255 N.W. 230 | Mich. | 1934

The afternoon of May 20, 1926, plaintiff's decedent drove an automobile upon the track of defendant's railroad at the crossing of the Seven Mile road in the city of Detroit, and was struck by the engine of a passenger train and received injuries causing his death. This suit was brought to recover damages and resulted in a directed verdict for defendant.

Plaintiff's decedent drove east on the Seven Mile road and approached the railroad crossing where there were four tracks crossing the street. A train was going north on the third track from the point of his approach, and that track was 40 feet from the westerly line of the railroad right of way. At that crossing the driver of an automobile, at any point within such 40 feet, had an unobstructed view of the railroad tracks and of the approaching train for upward of a mile. No eyewitness testified to the approach of the automobile to the tracks and the rule of presumptive care on the part of the driver is invoked in behalf of plaintiff. The known facts prevent application of the prima facie presumption accorded by the no eyewitness rule. See Rushford-Surine v. Railway Co., 239 Mich. 19.

Whether the train was being operated at a speed in violation of the city ordinance does not fasten liability upon defendant for plaintiff's decedent's want of care was the proximate cause of the accident.

Objection was made to the testimony of the engineer that the whistle was sounded and the bell *476 was ringing upon approach to the crossing, and exclusion was urged under the rule that it was equally within the knowledge of the deceased (3 Comp. Laws 1929, § 14219). The case ofNoonan v. Volek, 246 Mich. 377, settles the point against the contention.
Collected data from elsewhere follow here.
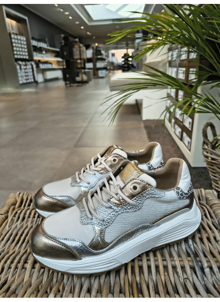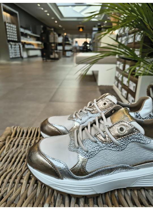 Deze nieuwe sneaker uit de collectie Next Generation heeft een vrouwelijke en speelse uitstraling. Het afgeronde silhouet in combinatie met gebogen appliqués roept associaties op met de Rainbow Bridge bij de Niagara Falls. Hoogwaardige materialen, waaronder glad, metallic en suèdeleer, worden op een kleurrijke manier gecombineerd. Stretchleer en zachte kussentjes zorgen voor optimaal comfort.
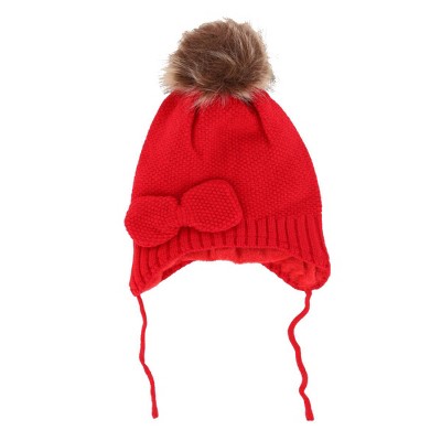 CTM Girl's One Size Fits Most Knit Winter Beanie with Pom Bow and Ear Flaps
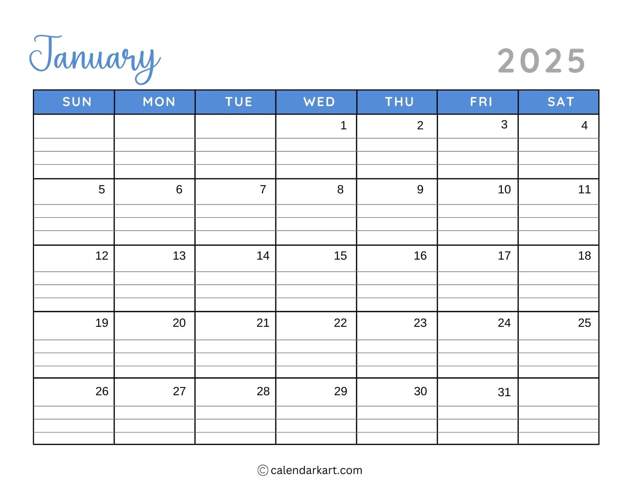 40 Printable January 2025 Calendars Free Pdf Calendarkart
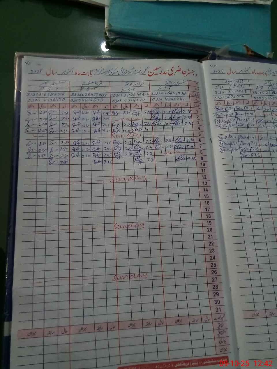 | CNIC | Full Name | Designation | R/C | Absence During Last Calender Month |
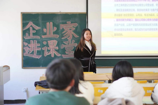 为了更好地促进员工对学科内容的理解,进一步增强员工对企业的深入了解,不断提升就业创业意识,2023年11月2日下午2:00,公海gh555000aa线路检测经济基层教学组织于一教423成功举办“企业家进课堂”主题讲座,本次讲座由山金期货有限公司烟台营业部产业部经理冯柯炜女士和机构部经理孙晨博先生担任主讲人,由公海gh555000aa线路检测唐强老师主持。
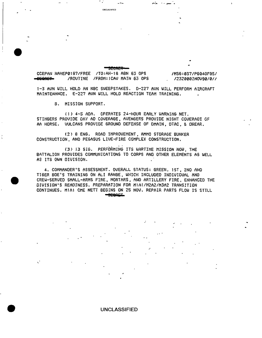 Folder Title = DUTY LOG 1 CAV DIV SITREPS G3 NOV 90
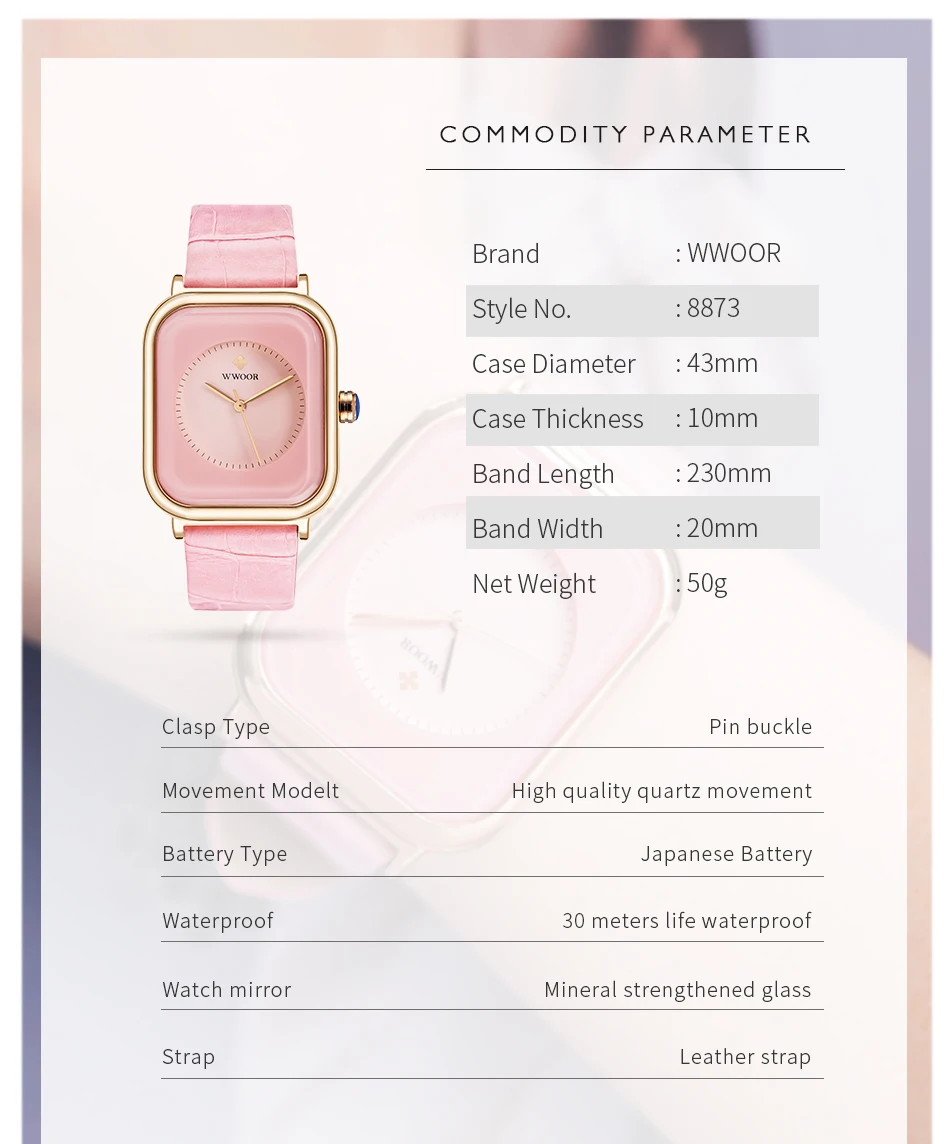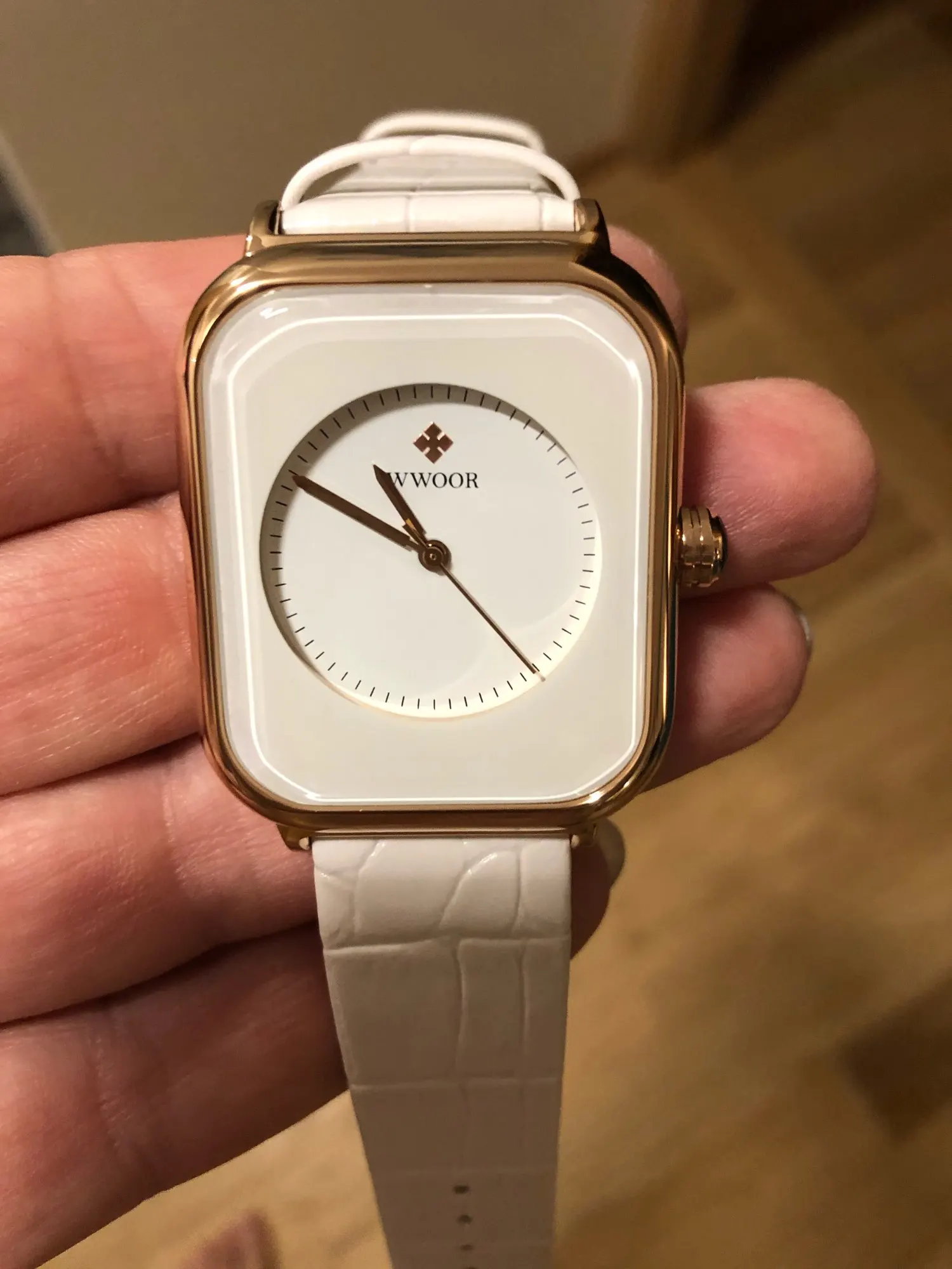 Модные женские часы 2022 WWOOR, белые минималистичные прямоугольные Женские кварцевые наручные часы с кожаным ремешком, Relogio Feminino Montre Femme

Plaintiff also relies upon the question of subsequent negligence. The facts negative such an issue. Plaintiff's decedent had ample opportunity to see the approaching train and to stop in a place of safety and, whether he saw the train or not, he was guilty of contributory negligence as a matter of law. See, Downey v. Railway Co., 230 Mich. 243; Brady v.Railway Co., 248 Mich. 406; Richman v. Railway Co., 254 Mich. 607.

Judgment is affirmed, with costs to defendant.

NELSON SHARPE, C.J., and POTTER, NORTH, FEAD, BUTZEL, BUSHNELL, and EDWARD M. SHARPE, JJ., concurred.